_THE INPUT:_
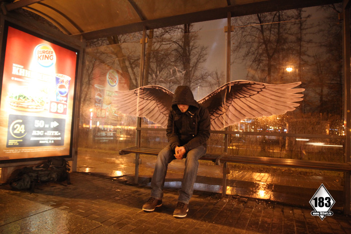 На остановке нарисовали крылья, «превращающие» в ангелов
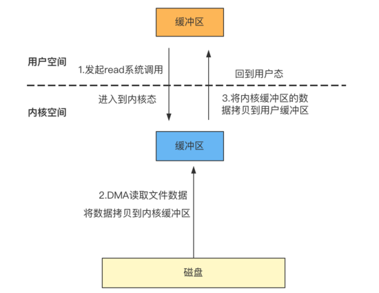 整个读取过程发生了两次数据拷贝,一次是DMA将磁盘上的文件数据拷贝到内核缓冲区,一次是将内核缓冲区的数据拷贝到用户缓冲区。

--

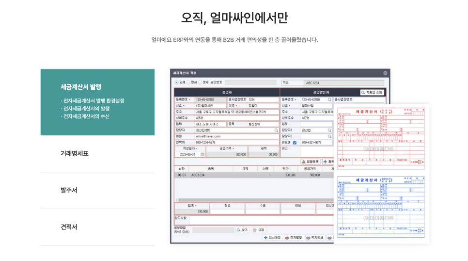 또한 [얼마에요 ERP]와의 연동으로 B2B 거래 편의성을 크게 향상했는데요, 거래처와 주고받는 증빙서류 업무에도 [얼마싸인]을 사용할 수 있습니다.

--

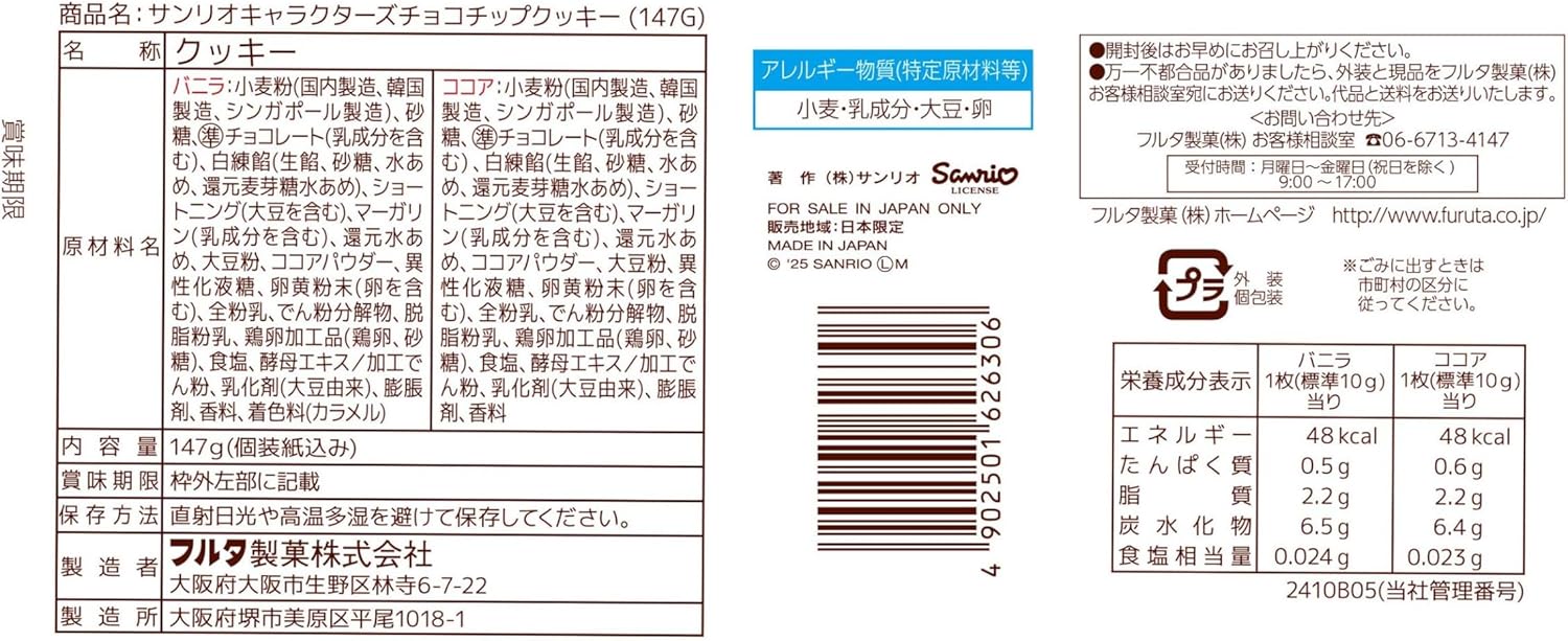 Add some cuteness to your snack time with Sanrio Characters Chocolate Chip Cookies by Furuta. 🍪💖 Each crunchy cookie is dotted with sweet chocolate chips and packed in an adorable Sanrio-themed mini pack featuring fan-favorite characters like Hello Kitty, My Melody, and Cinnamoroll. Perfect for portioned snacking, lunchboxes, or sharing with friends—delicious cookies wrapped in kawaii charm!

_REQUIRED WORK:_
Leave the pictures out, and transcribe exactly the lines above starting at the one that contains "На остановке нарисовали" and ending at the one that contains "整个读取过程发生了两次数据拷".

_ANSWER FOR THIS EXERCISE:_
 На остановке нарисовали крылья, «превращающие» в ангелов
 整个读取过程发生了两次数据拷贝,一次是DMA将磁盘上的文件数据拷贝到内核缓冲区,一次是将内核缓冲区的数据拷贝到用户缓冲区。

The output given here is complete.